112. Our first parents, being subjected to a probation, transgressed the divine command, and thus incurred the severest penalties.

1. Like the angels (102), so also our first parents were subjected to a trial. Since God from mere benevolence had given such gifts and graces to our first parents, He was free to make their continuation and transmission to posterity dependent on certain conditions. The probation. chosen by God was obedience to His command not to eat of the fruit of a certain tree (Gen. ii. 17). If it pleased God in His wisdom that mankind should inherit the graces He had destined for them by their descent from Adam, it is no less in keeping with His wisdom to make the actual transmission of these gifts dependent on the obedience of the head of our race.

If Adam had not sinned and lost the gifts destined for his de scendants, yet each individual would have to undergo a like trial, and would thus be exposed to the danger of losing the graces received (S. Thom. I. q. 100, a. 2).
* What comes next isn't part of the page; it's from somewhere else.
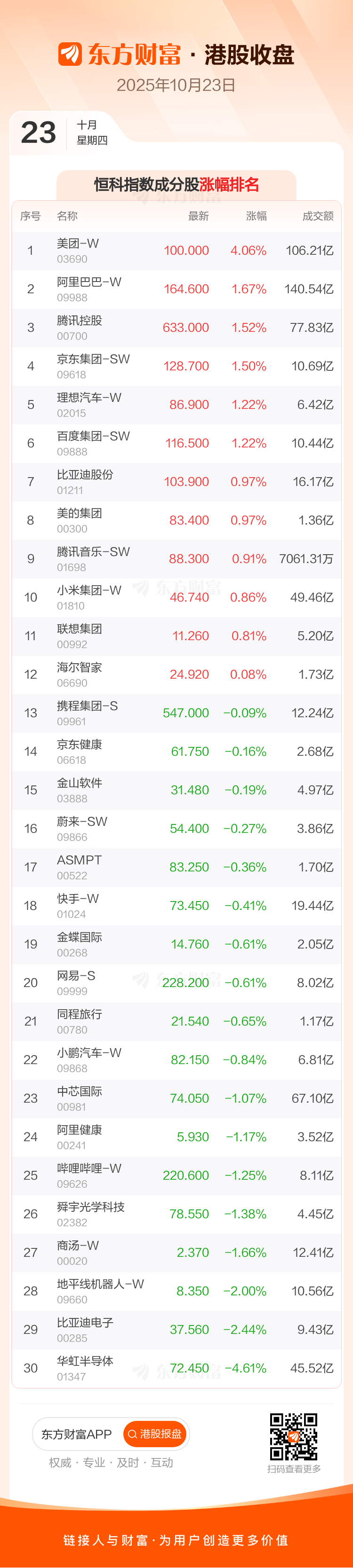 港股10月23日收盘走高,恒生指数收报25967.98点,涨186.21点,涨幅0.72%;恒生科技指数收报5951.45点,涨28.36点,涨幅0.48%。恒生指数成分股中李宁、中国宏桥、金沙中国有限公司涨幅居前,泡泡玛特、石药集团、中国生物制药跌幅靠前。恒生科技指数成分股中美团-W、阿里巴巴-W、腾讯控股涨幅居前,华虹半导体、比亚迪电子、地平线机器人-W跌幅靠前。
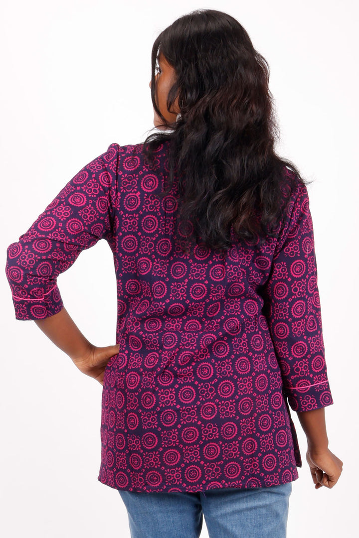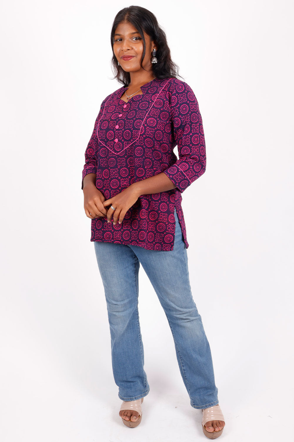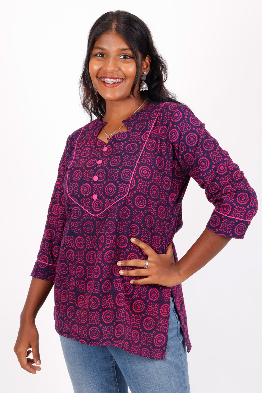 Dark Blue Hand Block Printed Cotton Kurti 10071540

2. Our first parents transgressed God's command, and thereby committed a sin that was all the more grievous be cause, considering the abundance of gifts and graces imparted

to them, they could easily have obeyed the divine precept. They were not swayed by immoderate passions, but sinned with full deliberation, notwithstanding the greatness of God's favors and the severity of His menaces.

3. The consequences of the transgression for our first parents themselves were manifold (Trid. Sess. v. can. 1.).
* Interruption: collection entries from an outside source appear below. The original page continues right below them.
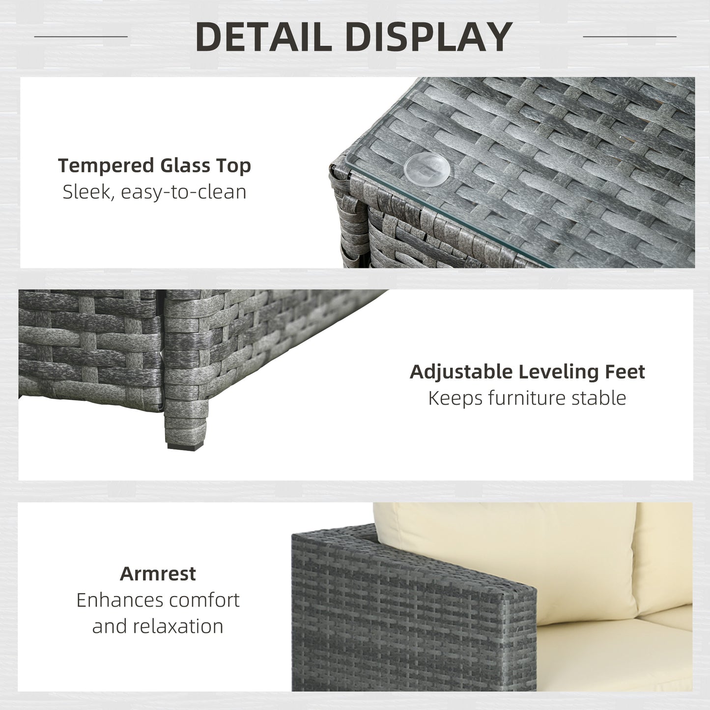 3Pcs Rattan Corner Sofa Set Coffee Table Garden Furniture w/ Cushion - Mixed Grey
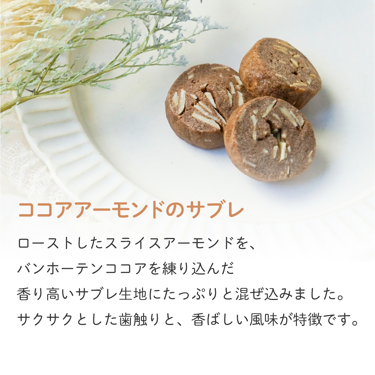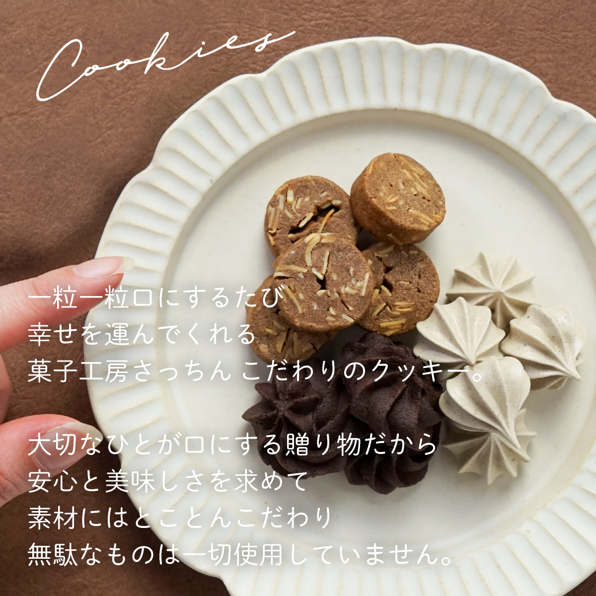 一粒一粒口にするたび幸せを運んでくれる菓子工房さっちんこだわりのクッキー。大切な人が口にするものだから素材にこだわり、無駄なものは一切使用していません。
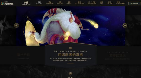 2017年1月,以《英雄联盟》背景故事、相关传说和艺术创作等内容为基础的网站“英雄联盟宇宙”中国版正式上线,该网站搭建了专属于“英雄联盟宇宙”世界观的平台。
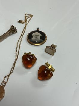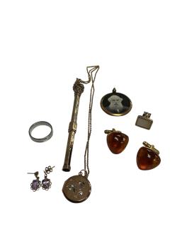 Lot 1923 , Assorted jewellery and other items including an engraved yellow metal overlaid and carnelian set propelling pencil, pair of earrings, white metal band, pair of amber set cufflinks, etc.

a. They lost the supernatural gifts: (1) sanctifying grace, and with it the supernatural life of the soul, and the supernatural likeness to God. For it is sanctifying grace that makes man the friend and child of God, while sin deprives him of the divine friendship and sonship, and, consequently, of sanctifying grace, which is inseparable from it. Spiritual death took the place of the spiritual, supernatural life of grace; divine wrath took the place of the friendship of God; and the slavery of Satan succeeded the adoption of the children of God. (2) They lost those preternatural gifts which resulted from sanctifying grace: dominion over the passions, immortality of the body. Sickness and sufferings, the forerunners of death, ensued.

b. The loss of the supernatural gifts produced the most baneful effects upon the natural faculties and the external conditions of our first parents. (1) Since original justice no longer controlled the functions of their soul, their understanding was darkened and their will weakened. (2) Driven out ɔf Paradise, they were forced to till the earth in the sweat of their brow. (3) Nature no longer willingly submitted to their sway; they became sensible of the discomforts that awaited them now that they no longer enjoyed the special protection of God; the very thistles and thorns which the earth brought forth even before man's fall became an instrument for man's punishment.

c. The future punishments which our first parents incurred were twofold. Having turned away from God, their last end, they incurred the pain of loss, or banishment from the presence of God; having turned to God's creatures, they incurred likewise the pain of sense; having, like Satan, rebelled against God, they incurred, like him, the eternal pains of hell.